M. le président. L’amendement n° 28 rectifié bis, présenté par Mme Jouve, M. Requier, Mmes Guillotin et Laborde, M. Guérini, Mmes N. Delattre et M. Carrère, M. Collin, Mme Costes et MM. Gabouty, Menonville, Vall et A. Bertrand, est ainsi libellé :

Seconde phrase

Après le mot :

éthique

insérer les mots :

, du comité des rémunérations et du comité d’audit

La parole est à Mme Mireille Jouve.

Mme Mireille Jouve. Mme la ministre l’a rappelé, la transparence, l’éthique et l’intégrité sont autant d’idées « forces » que l’on retrouve de manière transversale dans l’organisation des jeux Olympiques et Paralympiques, et qui ont leur traduction législative dans le titre IV.

Cela vaut pour la lutte contre le dopage. Nous souhaitons ardemment que l’Agence française de lutte contre le dopage puisse retrouver ses lettres de noblesse à l’occasion des Jeux.

Cela concerne aussi la lutte contre la corruption, notamment dans le cadre des paris sportifs.

Cette exigence de transparence concerne enfin les dirigeants du comité d’organisation des Jeux Olympiques et Paralympiques. Ces derniers seront soumis à une obligation de déclaration d’intérêts et de patrimoine auprès de la Haute Autorité pour la transparence de la vie publique.

Nous le savons, l’encadrement des rémunérations n’est pas possible du fait de la structure associative du COJOP, même si ce dernier est appelé à gérer un budget de 3 milliards d’euros.

À la présence de parlementaires au sein du comité d’éthique et du comité de rémunération, avec voix consultative, la commission des lois a substitué, en adoptant un amendement de M. le rapporteur pour avis, la remise d’un rapport annuel aux commissions compétentes des deux assemblées.
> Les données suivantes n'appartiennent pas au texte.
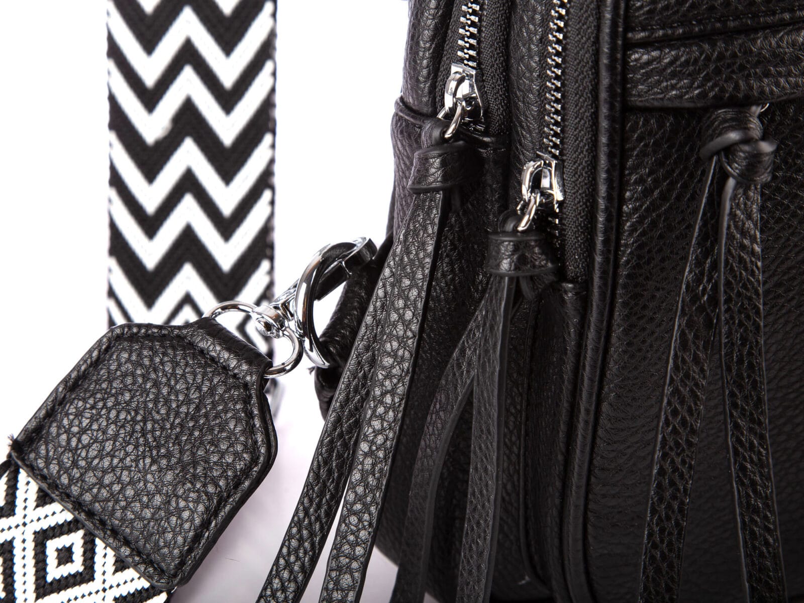 Czarny plecak damski na jadno ramię 2-komorowy z saszetką
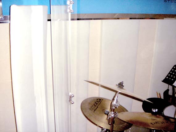 아시겠지만 차음과 흡음은 많은 차이점이 있습니다. 드럼쉴드를 기본으로 설치하면 차음효과가 있지 흡음은 되지 않습니다.
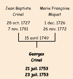 | Père : Jean Baptiste Crinel | Parrain : Georges Crinel (fils de Georges) |
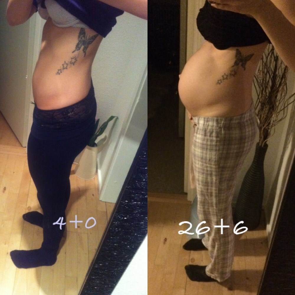 MMOGM skriver: Fik godt nok et chok da jeg sammenlignede disse to billeder med hinanden Lillepigen vokser vist godt derinde Vægten siger +9,5kg. Og de kan godt nok mærkes! Føler mig så tung i r*ven
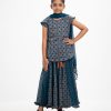 Kid girls printed A-line ghagra choli set in joom fabric. Cap sleeved top with embroidery at front. Tie-dye chiffon dupatta with pleated and frill hem skirt.
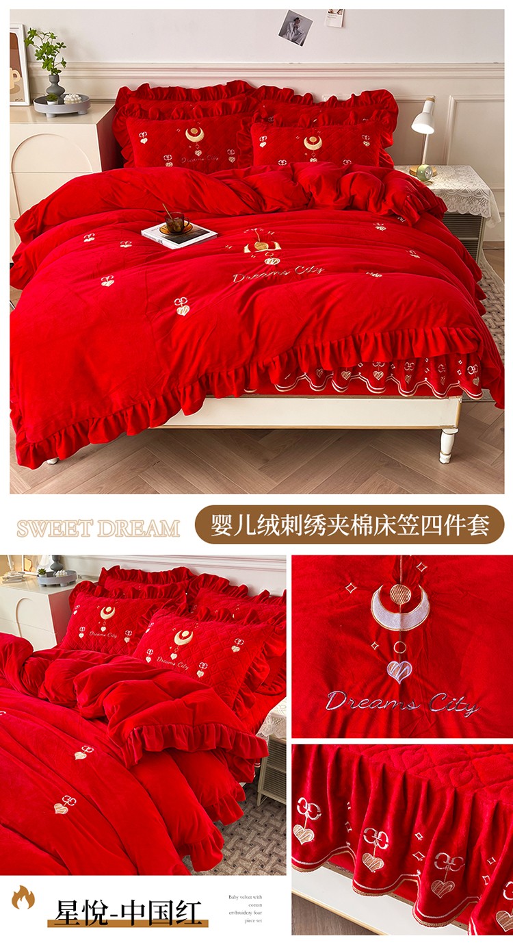 (总)宜凡家纺 2025新款婴儿绒压花全夹棉床裙四件套,韵雅-中国红,韵雅-黑天鹅
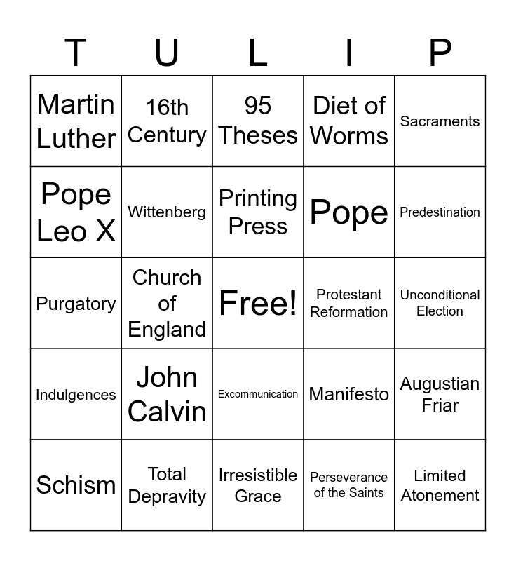 This bingo card has a free space and 29 words: Schism, Calvinism, Church of England, Protestantism, Martin Luther, 95 Theses, Wittenberg, John Calvin, Protestant Reformation, Total Depravity, Unconditional Election, Limited Atonement, Irresistible Grace, Perseverance of the Saints, Predestination, Doctrine, Excommunication, Indulgences, Sacraments, Purgatory, Manifesto, Repentance, Pope, Pope Leo X, Diet of Worms, 16th Century, Augustian Friar, Printing Press and A Mighty Fortress is Our God.
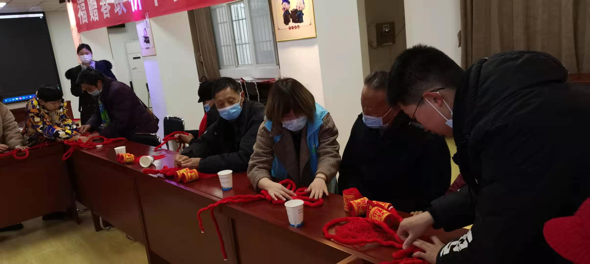 车谷融媒2月7日讯 近日,为丰富广大居民群众精神文化生活,营造欢乐喜庆、文明祥和的节日氛围,纱帽街新兰社区开展“福赠春联祈平安,严控防疫贺新春”为主题的写春联、编中国结活动。
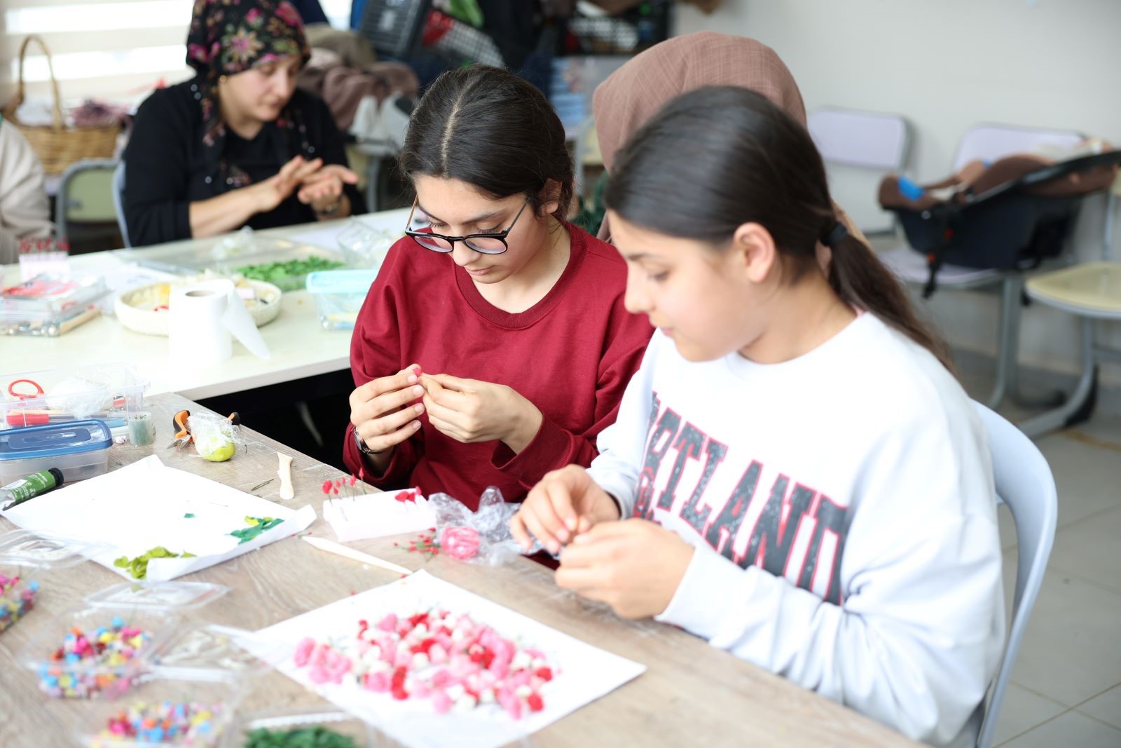 Kültür ve Sosyal İşler Müdürlüğü bünyesinde faaliyet gösteren 10 kültür ve sanat evinde verilen kurslar, katılımcıların yeteneklerini geliştirerek üretime yönlendirmeyi sürdürüyor.
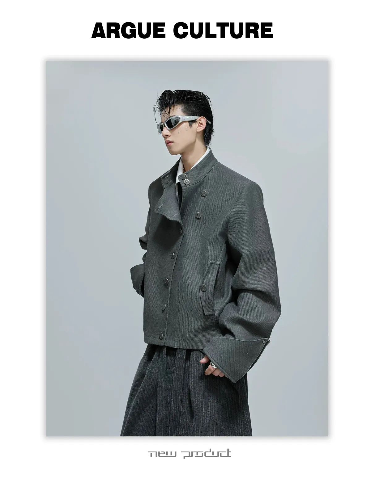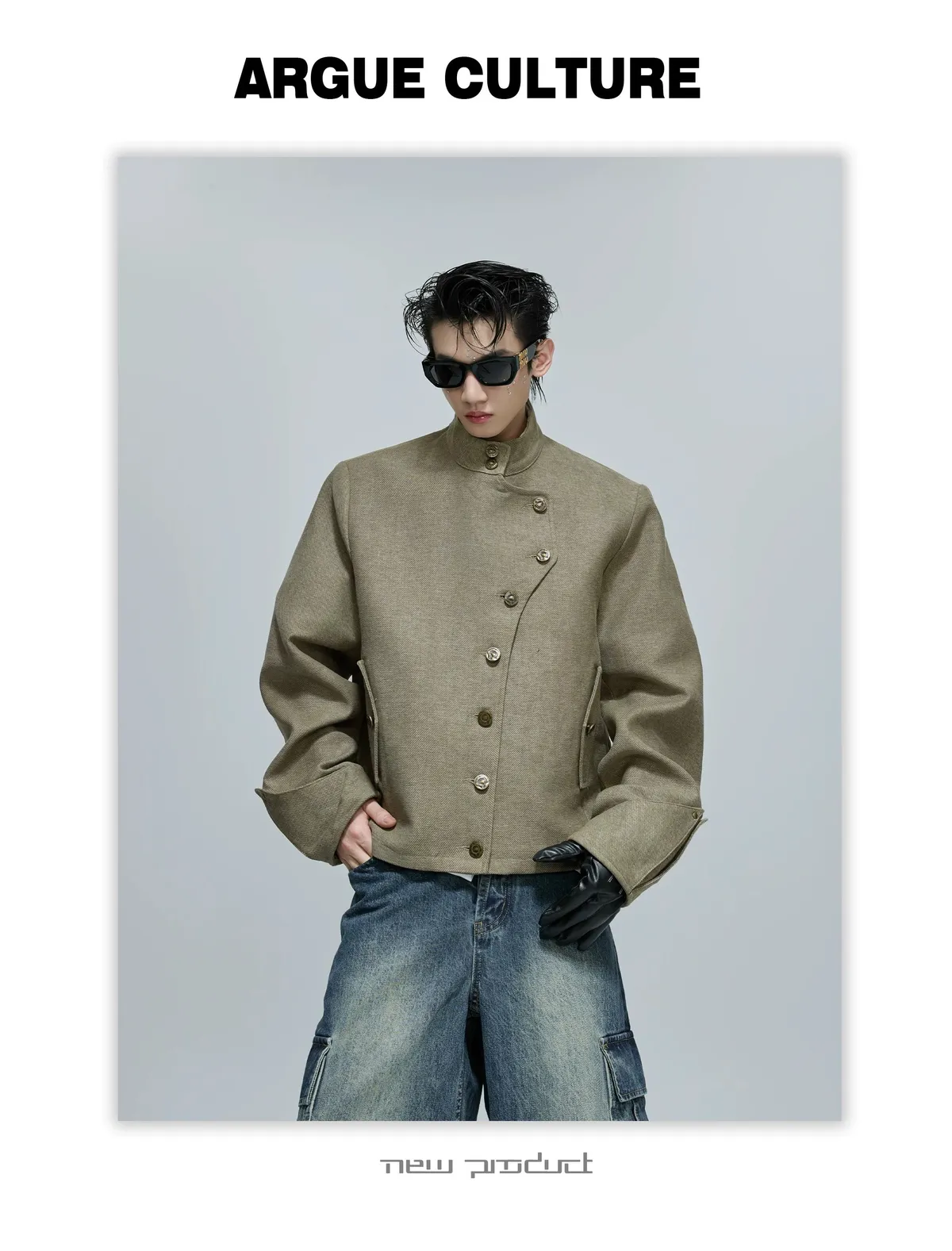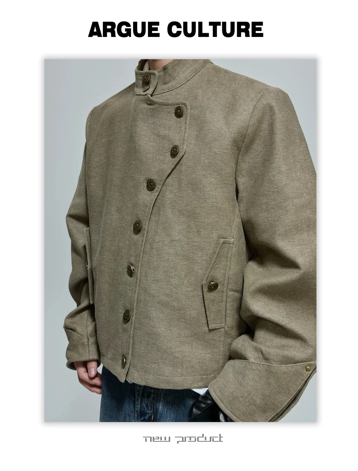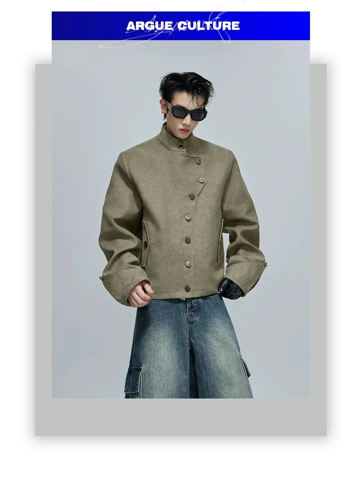 ARGUE 不規則裁片 立領 外套(卡其/灰)

Dans sa nouvelle rédaction, l’article 17 bis prévoit que le rapport détaille les dix principales rémunérations des dirigeants du COJOP et les activités de son comité d’éthique. L’objet de notre amendement vise donc à ce que le rapport du COJOP mentionne également les activités du comité des rémunérations et du comité d’éthique.

M. le président. Quel est l’avis de la commission de la culture ?

M. Claude Kern, rapporteur pour avis. Cet amendement vise à compléter la rédaction adoptée par la commission de la culture pour assurer un droit d’information du Parlement sur l’activité du COJOP.

La commission est favorable à cet amendement de précision.

M. le président. Quel est l’avis du Gouvernement ?

Mme Laura Flessel, ministre. Madame la sénatrice, vous souhaitez que le rapport présente également l’activité des deux autres organes de contrôle du COJOP : le comité des rémunérations et le comité d’audit. Cet amendement vise à compléter l’information du Parlement. Sur ce point, je m’en remets à la sagesse des sénateurs.